◆ **YOUR GOAL**: When you return the data, keep every line exactly as it is and leave out the pictures.

◆ **INPUT DATA**:
⁂

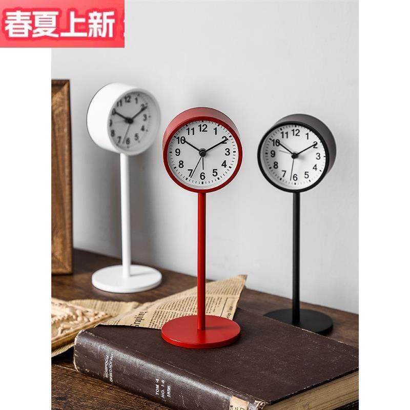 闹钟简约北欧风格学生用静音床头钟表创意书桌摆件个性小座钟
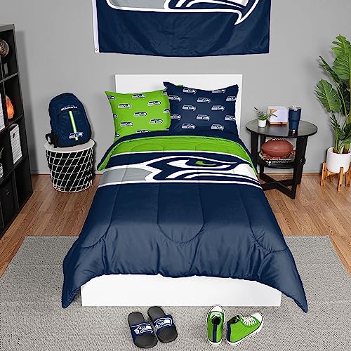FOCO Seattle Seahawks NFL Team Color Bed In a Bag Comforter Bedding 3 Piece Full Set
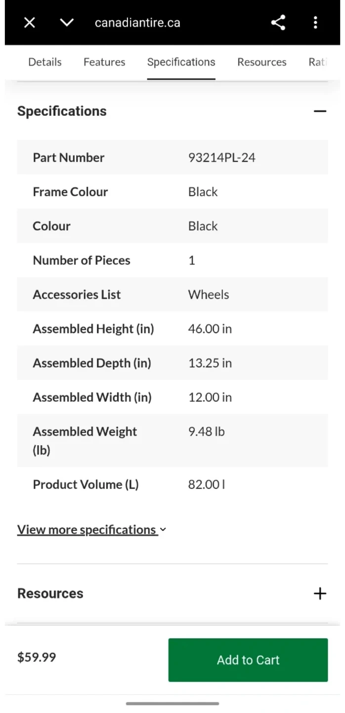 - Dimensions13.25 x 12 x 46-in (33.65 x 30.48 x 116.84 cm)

⁂

◆ **ANSWER TO THE EXERCISE**:
 闹钟简约北欧风格学生用静音床头钟表创意书桌摆件个性小座钟
FOCO Seattle Seahawks NFL Team Color Bed In a Bag Comforter Bedding 3 Piece Full Set
 - Dimensions13.25 x 12 x 46-in (33.65 x 30.48 x 116.84 cm)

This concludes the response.